It is easy to implement on the server. A short bash script can build the zip and a corresponding md5. You keep your blog system. Ideally the client app will be adapted to the most popular ones.
Server costs can be reduced to a minimum. You don't need processing power for search as the client does it. One can even imagine self hosting on a machine that isn't online 24/h.

MXD archives are great for privacy

You know the best way to preserve privacy with security cameras: you don't turn them on. One cannot steal videos that don't exist. And it is so for your privacy on the web. Less movement = less stuff to be intercepted.
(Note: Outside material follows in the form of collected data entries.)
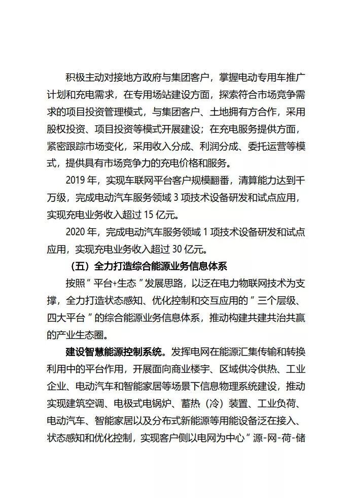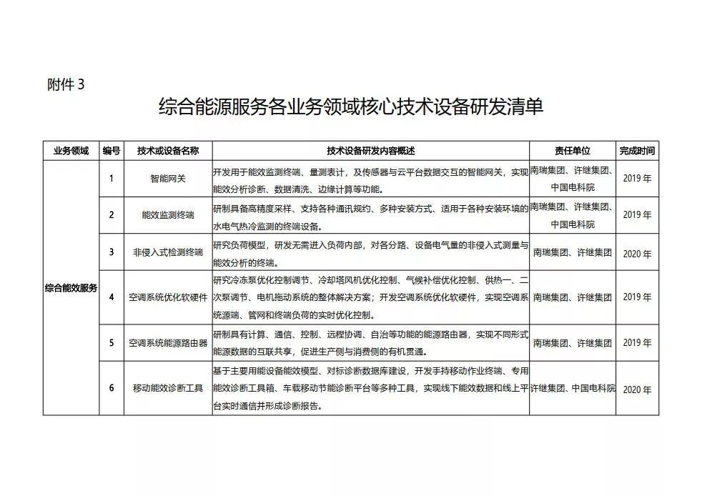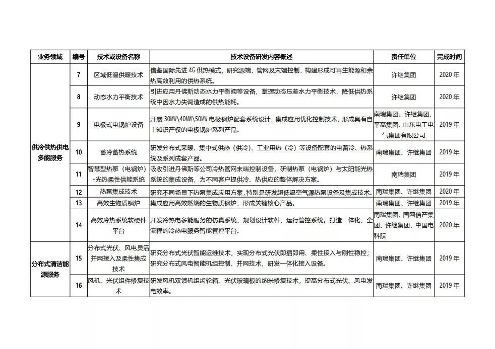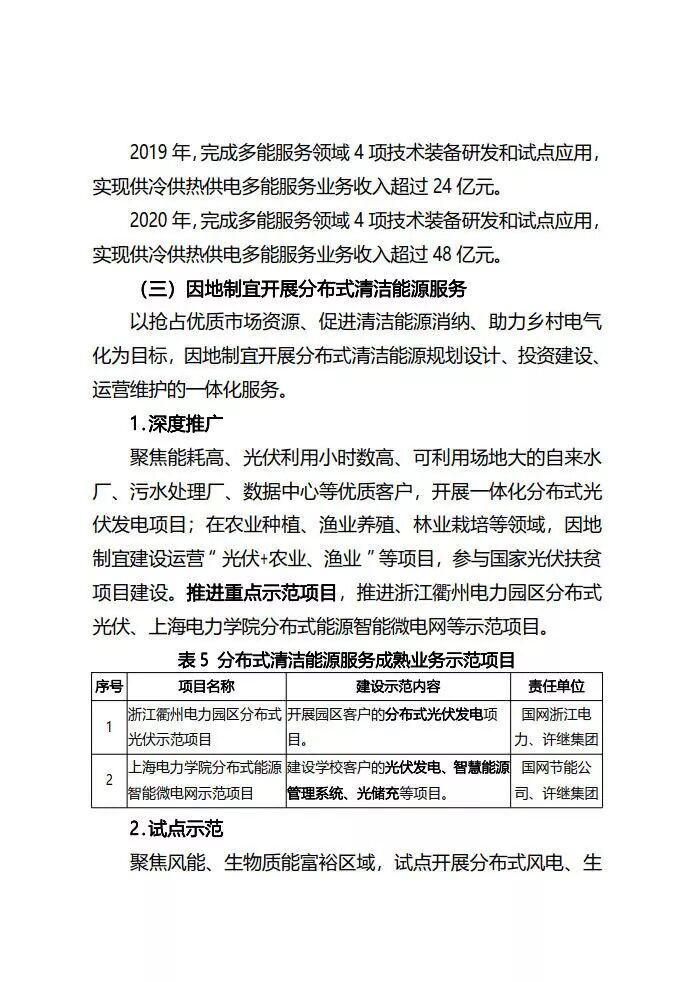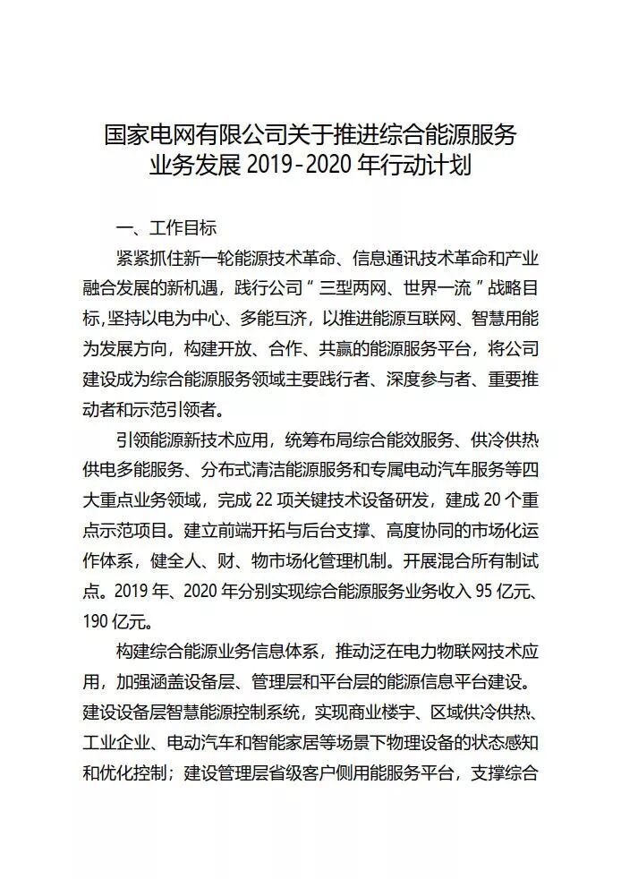《行动计划》表示,国家电网将引领能源新技术应用,统筹布局综合能效服务、供冷供热供电多能服务、分布式清洁能源服务和专属电动汽车服务等四大重点业务领域,完成22项关键技术设备研发,建成20个重点示范项目。建立前端开拓与后台支撑、高度协同的市场化运作体系,健全人、财、物市场化管理机制。开展混合所有制试点。2019年、2020年分别实现综合能源服务业务收入95亿元、190亿元。
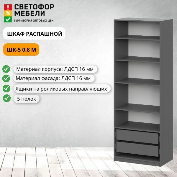 Шкаф распашной Мебельный рай ШК 5 0.8 м с полками 801х2216х506, Графит
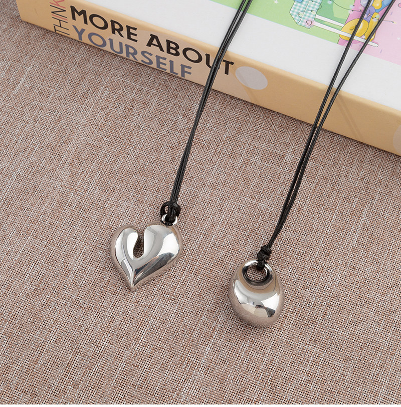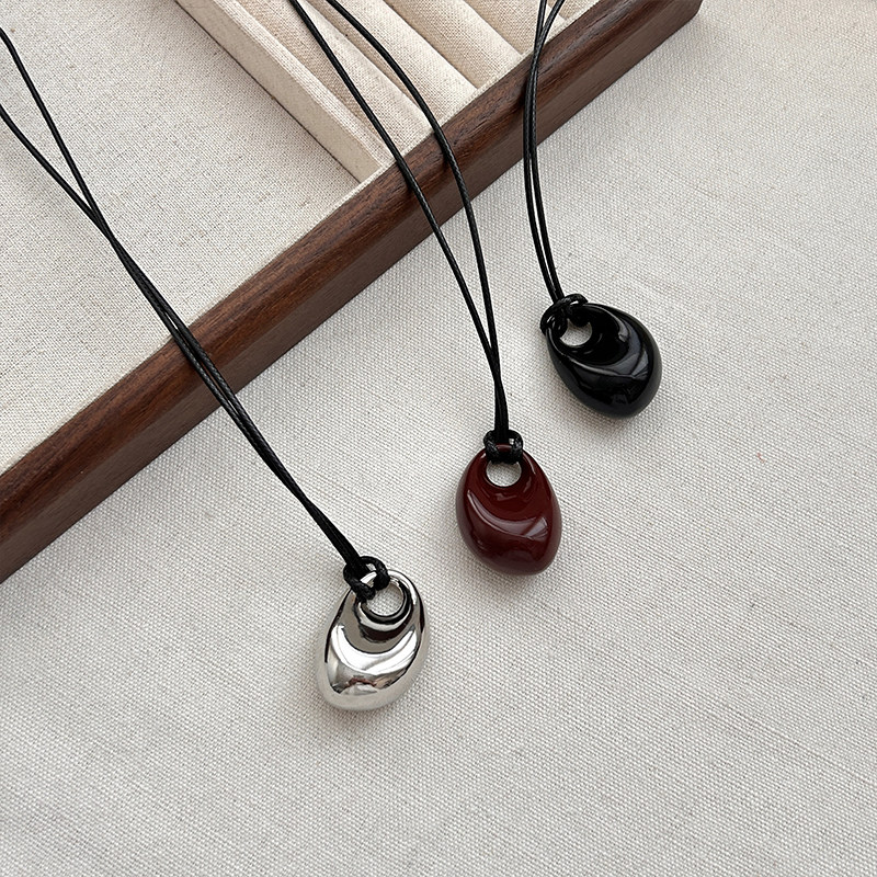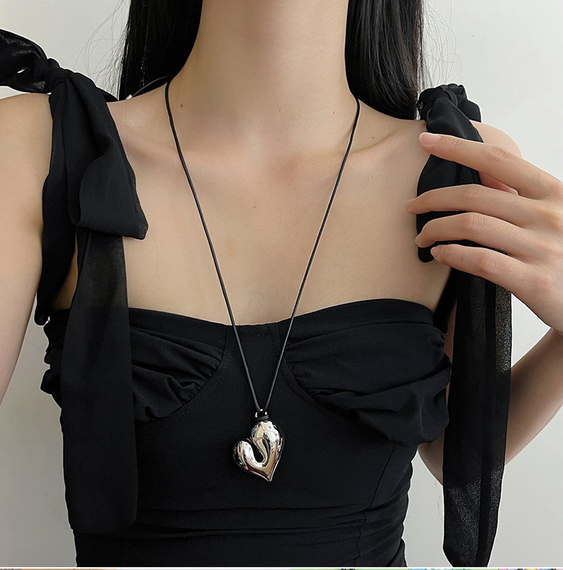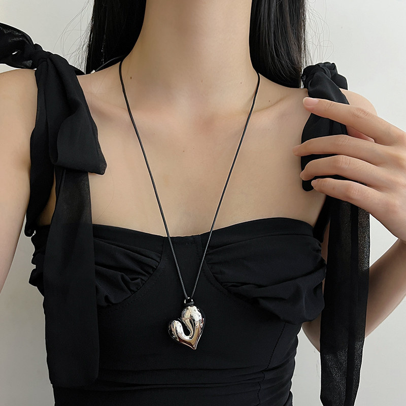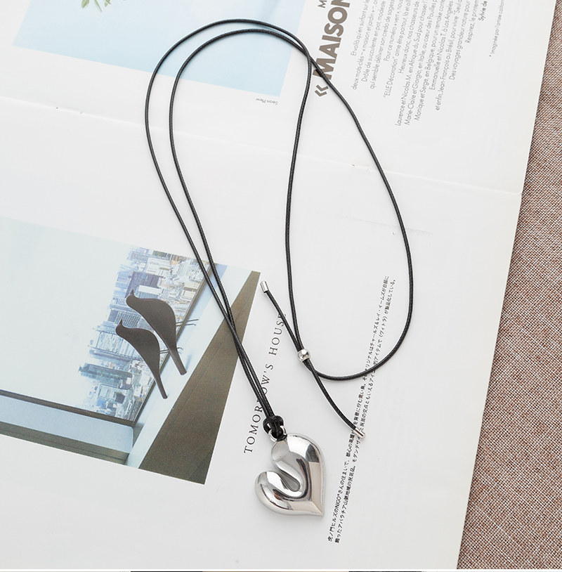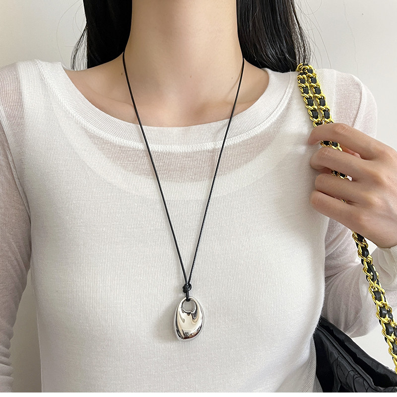 銀色豆豆愛心吊墜黑繩項鍊女簡約小衆設計高級感可調節長款毛衣鏈
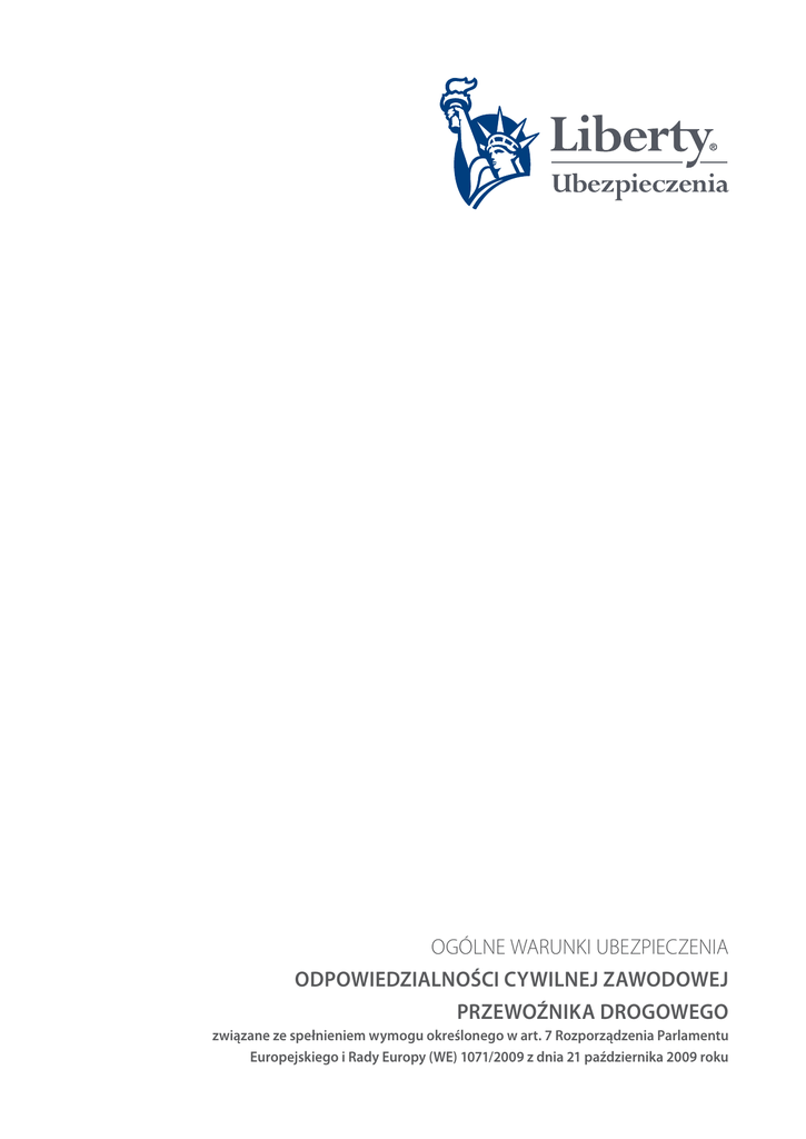 OGÓLNE WARUNKI UBEZPIECZENIA odpowiedzialności cywilnej zawodowej przewoźnika drogowego związane ze spełnieniem wymogu określonego w art. 7 Rozporządzenia Parlamentu Europejskiego i Rady Europy (WE) 1071/2009 z dnia 21 października 2009 roku 2 Karta informacyjna Nr zapisu w OWU 1. Przesłanki wypłaty odszkodowania i innych świadczeń lub wartości wykupu ubezpieczenia: a. Ubezpieczenie odpowiedzialności cywilnej zawodowej przewoźnika drogowego §14-15 §17-18 2. Ograniczenia oraz wyłączenia odpowiedzialności zakładu ubezpieczeń uprawniające do odmowy wypłaty odszkodowania i innych świadczeń lub ich obniżenia: a. Ubezpieczenie odpowiedzialności cywilnej zawodowej przewoźnika drogowego §19 CZĘŚĆ I POSTANOWIENIA OGÓLNE I DEFINICJE 1. 2. 3. 4. Postanowienia ogólne §1 Na podstawie niniejszych Ogólnych Warunków Ubezpieczenia (zwanych dalej „OWU”) Liberty Seguros, Compania de Seguros y Reaseguros S.A., Oddział w Polsce z siedzibą w Warszawie, ul. Chocimska 17 (zwany dalej „Ubezpieczycielem”) zawiera z osobami fizycznymi, osobami prawnymi lub jednostkami organizacyjnymi nie posiadającymi osobowości prawnej, którym odrębna ustawa przyznaje zdolność prawną, będącymi przedsiębiorcami, umowę ubezpieczenia w zakresie ubezpieczenia odpowiedzialności cywilnej zawodowej przewoźnika drogowego związane ze spełnieniem wymogu określonego w art. 7 Rozporządzenia Parlamentu Europejskiego i Rady Europy (WE) 1071/2009 z dnia 21 października 2009 roku. Zakres i przedmiot ubezpieczenia wskazany jest w polisie. Umowa ubezpieczenia może zostać zawarta także na rachunek innej osoby (Ubezpieczonego). W takim przypadku postanowienia niniejszych OWU dotyczące Ubezpieczającego mają również zastosowanie odpowiednio do osoby, na rachunek której zawarto umowę. Do umowy ubezpieczenia mają zastosowanie przepisy prawa polskiego, w szczególności kodeksu cywilnego, prawa przewozowego oraz ustaw regulujących działalność ubezpieczeniową. Definicje §2 Ilekroć w niniejszych OWU, wniosku o zawarcie umowy ubezpieczenia, a także polisie oraz w innych pismach i oświadczeniach składanych w związku z zawarciem lub wykonywaniem tej umowy używa się wymienionych poniżej terminów, należy przez nie rozumieć: 1) akty terroryzmu – wszelkiego rodzaju działania indywidualne lub grupowe skierowane przeciwko ludności lub mieniu w celu wprowadzenia chaosu, zastraszenia ludności, dezorganizacji życia publicznego, transportu publicznego, działalności zakładów usługowych lub wytwórczych – dla osiągnięcia skutków ekonomicznych, politycznych lub społecznych; 2) polisa – dokument ubezpieczenia w rozumieniu art. 809 kodeksu cywilnego, wystawiony przez Ubezpieczyciela, potwierdzający zawarcie umowy ubezpieczenia i jej warunki; ilekroć w niniejszych OWU mowa jest o polisie należy przez to rozumieć również dokument o innej nazwie, stanowiący dokument ubezpieczenia w rozumieniu art. 809 kodeksu cywilnego; 3) Rozporządzenie – Rozporządzenie Parlamentu Europejskiego i Rady Europy (WE) 1071/2009 z dnia 21 października 2009 r., ustanawiającego wspólne zasady dotyczące warunków wykonywania zawodu przewoźnika drogowego i uchylającego Dyrektywę Rady 96/26 WE; 4) suma gwarancyjna - określona w umowie ubezpieczenia kwota stanowiąca górną granicę odpowiedzialności Ubezpieczyciela na jedno i wszystkie zdarzenia ubezpieczeniowe powstałe w okresie ubezpieczenia, zgodna z wymogami wskazanymi w art. 7 ust. 1 Rozporządzenia; 5) szkoda – zobowiązanie płatnicze Ubezpieczonego lub roszczenie finansowe względem Ubezpieczonego objęte jego odpowiedzialnością przewoźnika zawodowego; 6) Ubezpieczający - przedsiębiorca zawierający umowę ubezpieczenia i zobowiązany do opłacenia składki; 7) Ubezpieczony – przedsiębiorca, na rachunek którego została zawarta umowa ubezpieczenia, ubiegający się o wydanie licencji lub zezwolenia albo też dysponujący ważną licencją lub zezwoleniem na wykonywanie transportu drogowego rzeczy lub osób wydany przez właściwy organ zgodnie z wymaganiami Ustawy o transporcie drogowym (Dz. U. z 2001 r. nr 125, poz. 1371, z p. zm.) oraz innymi przepisami prawa; 8) zdarzenie ubezpieczeniowe – zdarzenie losowe, niezależne od woli Ubezpieczonego skutkujące niemożnością spełnienia lub należytego spełnienia przez Ubezpieczonego wymagalnego i zasadnego zobowiązania płatniczego lub roszczenia finansowego, pozostające w bezpośrednim związku z zakresem zawodowej działalności Ubezpieczonego jako przewoźnika drogowego, a w konsekwencji skutkujące utratą zdolności Ubezpieczonego do regulowania jego zobowiązań finansowych. Zawarcie umowy ubezpieczenia – początek odpowiedzialności Ubezpieczyciela §3 1. Umowa ubezpieczenia zawierana jest na okres ubezpieczenia trwający 1 rok. Daty początku i końca okresu ubezpieczenia określa umowa ubezpieczenia. 2. Umowa ubezpieczenia zawierana jest na podstawie informacji podanych przez Ubezpieczającego we wniosku o ubezpieczenie lub przed zawarciem umowy w innych pismach, niezbędnych do dokonania przez Ubezpieczyciela oceny ryzyka ubezpieczeniowego. 3. Umowa ubezpieczenia jest zawarta z chwilą potwierdzenia przez Ubezpieczyciela, że złożony przez Ubezpieczającego wniosek o ubezpieczenie został zaakceptowany lub z inną chwilą uzgodnioną przez strony. W razie wątpliwości umowę ubezpieczenia uważa się za zawartą z chwilą doręczenia Ubezpieczającemu polisy. 4. Odpowiedzialność Ubezpieczyciela rozpoczyna się w dniu ustalonym w umowie ubezpieczenia jako początek okresu ubezpieczenia, jednak nie wcześniej, niż od dnia następnego po zawarciu umowy oraz nie wcześniej, niż od dnia następnego po zapłaceniu składki. 5. Ubezpieczyciel ma prawo uzależnić zawarcie umowy ubezpieczenia od dostarczenia przez Ubezpieczającego dokumentów wymaganych przez Ubezpieczyciela. 6. W przypadku określonym w ust. 5 Ubezpieczyciel przed zawar
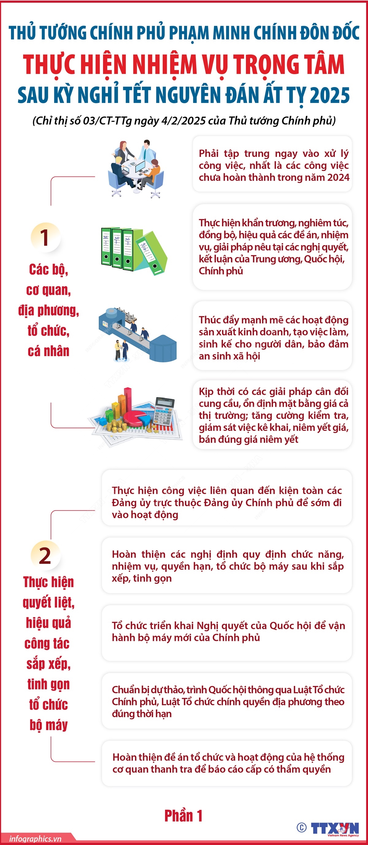 Thủ tướng đôn đốc thực hiện nhiệm vụ trọng tâm sau kỳ nghỉ Tết nguyên đán Ất Tỵ 2025 (Phần 1)
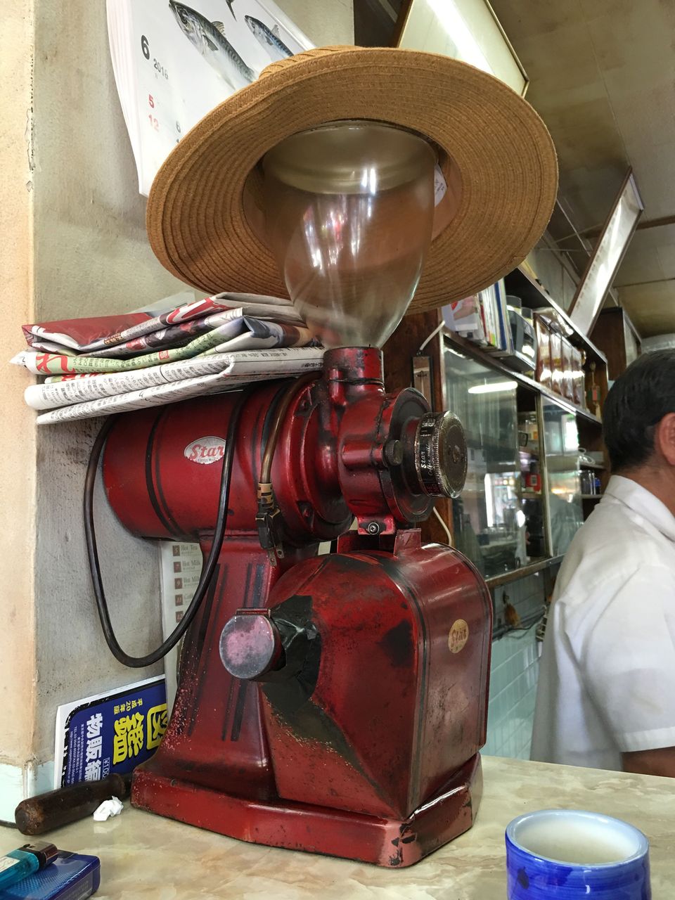 暑くなった日だったのでコーヒーミルも麦わら帽子をかぶっておりました。
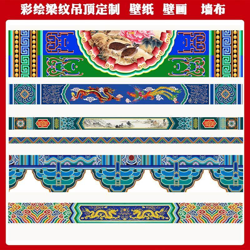 古典建筑房梁吊顶天花墙纸壁纸壁画壁布寺庙皇宫佛堂彩绘花纹墙布

Privacy is better preserved when you get a whole site archive than when you browse. As the only information one could intercept is IP:x.x.x.x got site:ThatBlog.dev. What you searched for, for how long, what you clicked well all of that happens in RAM on your machine. The server, just knows nothing except it served one ZIP file (and subsequent updates).

If you use a VPN for privacy, all you need is one request and you can go offline. Sure you can get images etc but the client will decide whether or not it asks for them.

Nobody will enable MXD archives for their site ?

Hey but not everyone wants to give you all their life content as a zip file ! Turns out a lot of interesting people do. The content is often even on github. If they shared it with Microsoft, they can share it with you and me. Those who want to nickel and dime you for each piece of advice on Medium are usually less interesting. It's ok if we don't get everything. The other web still exists.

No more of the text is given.